Your assignment »
Restate each record below word for word, skipping images.

══ Dataset records

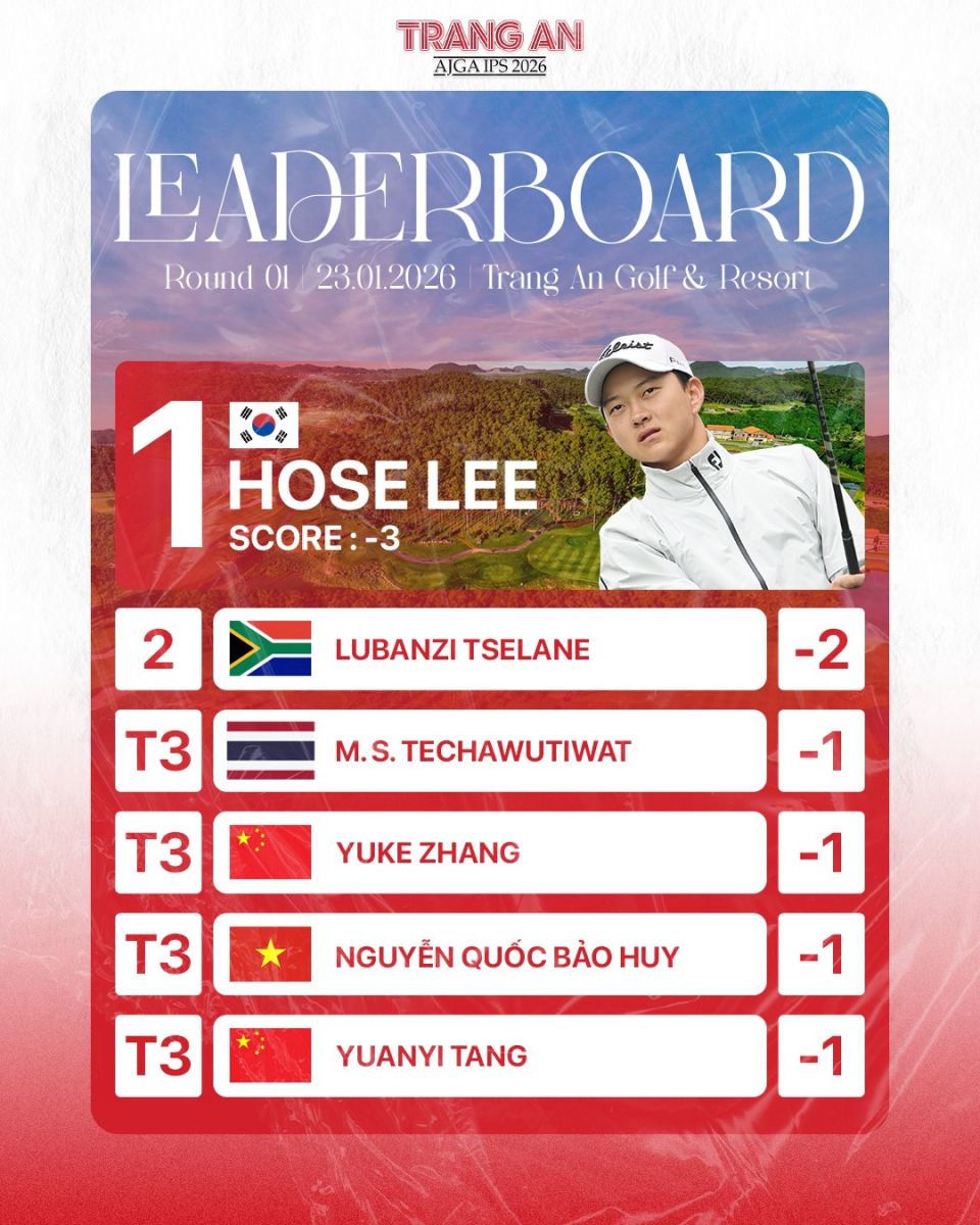 Vòng đấu mở màn của Trang An AJGA International Pathway Series 2026 đã khép lại trong bối cảnh thời tiết không thuận lợi tại Tràng An. Nhiệt độ xuống thấp kèm theo mặt sân ẩm do mưa những ngày trước đó đã tạo ra thử thách đáng kể cho các vận động viên. Trước điều kiện thi đấu khó khăn, Ban Trọng tài quyết định áp dụng luật Preferred Lies nhằm đảm bảo tính công bằng cho toàn bộ giải đấu.
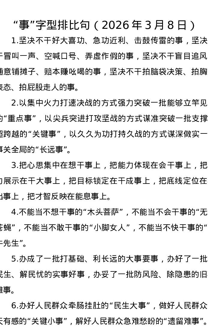 事字型排比句(2026年3月8日)
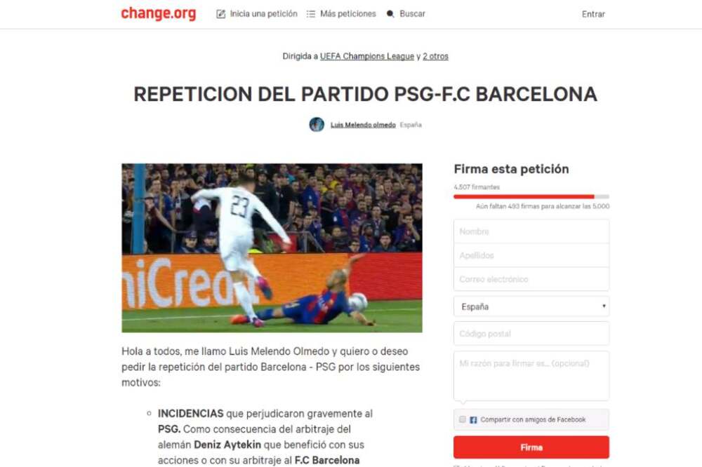 Mint ismert, a meccset némi játékvezető segítséggel 6-1-re nyerte meg a Barcelona, és ezzel a sporttörténelem egyik legnagyobb feltámadását hajtotta végre. Persze vannak olyanok, akik szerint ez a csoda nem jöhetett volna létre a német játékvezető, Deniz Aytekin hathatós közreműködése nélkül, s ezért lépéseket is tettek az elmúlt napokban: a change.org internetes oldalon ugyanis az egyik felhasználó petíciót indított azért, hogy újrajátsszák a visszavágót. A kezdeményezés eddig nagy siker, hiszen néhány nap alatt már mintegy 120 ezren írták alá. Mindazonáltal nem valószínű, hogy ez meghatja majd az UEFA vezetőit…
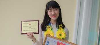 Cô càng được hâm mộ sau khi bảng thành tích học tập khủng được tiết lộ: Giải ba học sinh giỏi môn Tiếng Anh cấp quốc gia, thuộc diện được xét tuyển thẳng vào đại học, được Đại học FPT cấp học bổng 170 triệu đồng.
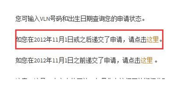 2、进入页面之后点击“如您在2012年11月1日或之后递交了申请,请点击这里”。
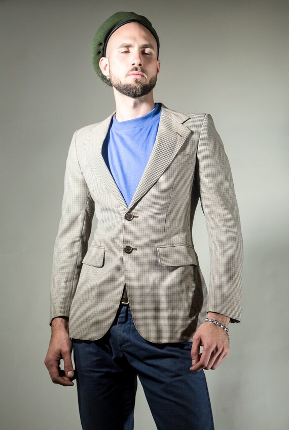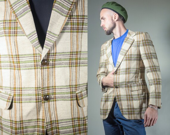 Vintage Wool Checked Jacket Old School Hipster Beige Woven Etsy
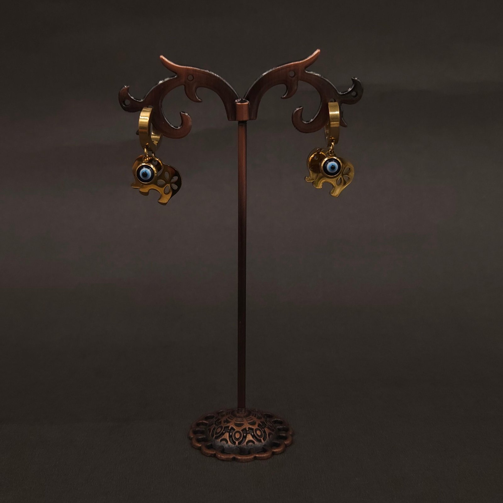Stainless Steel Elephant Evil Eye Hoop Earrings – Anti-Tarnish
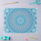 Dieses auffallende mandalanische Design strahlt in coolen Blau-, Aqua- und Weißtönen aus und bildet konzentrische Kreise komplizierter geometrischer Symmetrie. Jede Ebene zeigt detaillierte Motive, die wie Wellen nach außen reißen und dabei eine scharfe Präzision mit fließender Bewegung verbinden. Die eisige Palette schafft ein Gefühl von Ruhe, Klarheit und Tiefe, das die Ruhe des Wassers und des Winterhimmel weckt. Die nahtlose kreisförmige Anordnung zeichne das Auge in Richtung Zentrum und schafft einen faszinierenden Brennpunkt, der Stille und Bewegung gleicht. Ideal für diejenigen, die geometrische Mandalase, coole Designs und Ziermuster genießen, die sich erfrischend, ruhig und zeitlos fühlen.
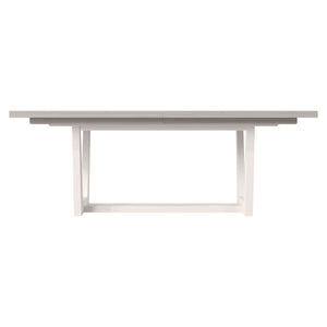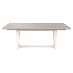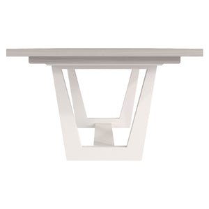 Ash solids and engineered veneer in Mist finish with inset inner metal border in Polished Nickel finish on table top; faux stone base in Fossil finishTwo 20" leaves, also with inset Polished Nickel frameOpen baseAdjustable glidesSpecifications subject to change without notice
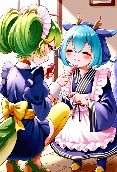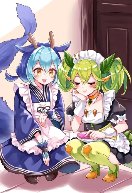Tags (character 1): parlor dragonmaid, dragon girl,
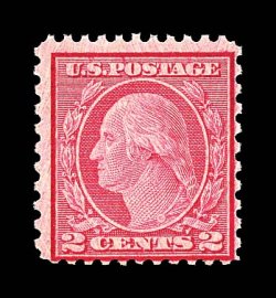 191 nh 539 image#539, 2c Carmine rose coil waste, Ty. II, perf. 11x10, brilliant "post office" fresh mint example of this rare and difficult stamp, deep luxuriant color and crisp impression, centered to the bottom right as often found as this issue is notoriously poorly centered, pristine o.g., never hinged, fine; 1966 PF certificate and photocopy of a 1992 PF certificate, both for the block of four from which this was taken, this being the bottom left stamp. (Image) $4,000.00

════

Reply to the exercise »
 Vòng đấu mở màn của Trang An AJGA International Pathway Series 2026 đã khép lại trong bối cảnh thời tiết không thuận lợi tại Tràng An. Nhiệt độ xuống thấp kèm theo mặt sân ẩm do mưa những ngày trước đó đã tạo ra thử thách đáng kể cho các vận động viên. Trước điều kiện thi đấu khó khăn, Ban Trọng tài quyết định áp dụng luật Preferred Lies nhằm đảm bảo tính công bằng cho toàn bộ giải đấu.
 事字型排比句(2026年3月8日)
 Mint ismert, a meccset némi játékvezető segítséggel 6-1-re nyerte meg a Barcelona, és ezzel a sporttörténelem egyik legnagyobb feltámadását hajtotta végre. Persze vannak olyanok, akik szerint ez a csoda nem jöhetett volna létre a német játékvezető, Deniz Aytekin hathatós közreműködése nélkül, s ezért lépéseket is tettek az elmúlt napokban: a change.org internetes oldalon ugyanis az egyik felhasználó petíciót indított azért, hogy újrajátsszák a visszavágót. A kezdeményezés eddig nagy siker, hiszen néhány nap alatt már mintegy 120 ezren írták alá. Mindazonáltal nem valószínű, hogy ez meghatja majd az UEFA vezetőit…
 Cô càng được hâm mộ sau khi bảng thành tích học tập khủng được tiết lộ: Giải ba học sinh giỏi môn Tiếng Anh cấp quốc gia, thuộc diện được xét tuyển thẳng vào đại học, được Đại học FPT cấp học bổng 170 triệu đồng.
 2、进入页面之后点击“如您在2012年11月1日或之后递交了申请,请点击这里”。
 Vintage Wool Checked Jacket Old School Hipster Beige Woven Etsy
Stainless Steel Elephant Evil Eye Hoop Earrings – Anti-Tarnish
 Dieses auffallende mandalanische Design strahlt in coolen Blau-, Aqua- und Weißtönen aus und bildet konzentrische Kreise komplizierter geometrischer Symmetrie. Jede Ebene zeigt detaillierte Motive, die wie Wellen nach außen reißen und dabei eine scharfe Präzision mit fließender Bewegung verbinden. Die eisige Palette schafft ein Gefühl von Ruhe, Klarheit und Tiefe, das die Ruhe des Wassers und des Winterhimmel weckt. Die nahtlose kreisförmige Anordnung zeichne das Auge in Richtung Zentrum und schafft einen faszinierenden Brennpunkt, der Stille und Bewegung gleicht. Ideal für diejenigen, die geometrische Mandalase, coole Designs und Ziermuster genießen, die sich erfrischend, ruhig und zeitlos fühlen.
 Ash solids and engineered veneer in Mist finish with inset inner metal border in Polished Nickel finish on table top; faux stone base in Fossil finishTwo 20" leaves, also with inset Polished Nickel frameOpen baseAdjustable glidesSpecifications subject to change without notice
Tags (character 1): parlor dragonmaid, dragon girl,
 191 nh 539 image#539, 2c Carmine rose coil waste, Ty. II, perf. 11x10, brilliant "post office" fresh mint example of this rare and difficult stamp, deep luxuriant color and crisp impression, centered to the bottom right as often found as this issue is notoriously poorly centered, pristine o.g., never hinged, fine; 1966 PF certificate and photocopy of a 1992 PF certificate, both for the block of four from which this was taken, this being the bottom left stamp. (Image) $4,000.00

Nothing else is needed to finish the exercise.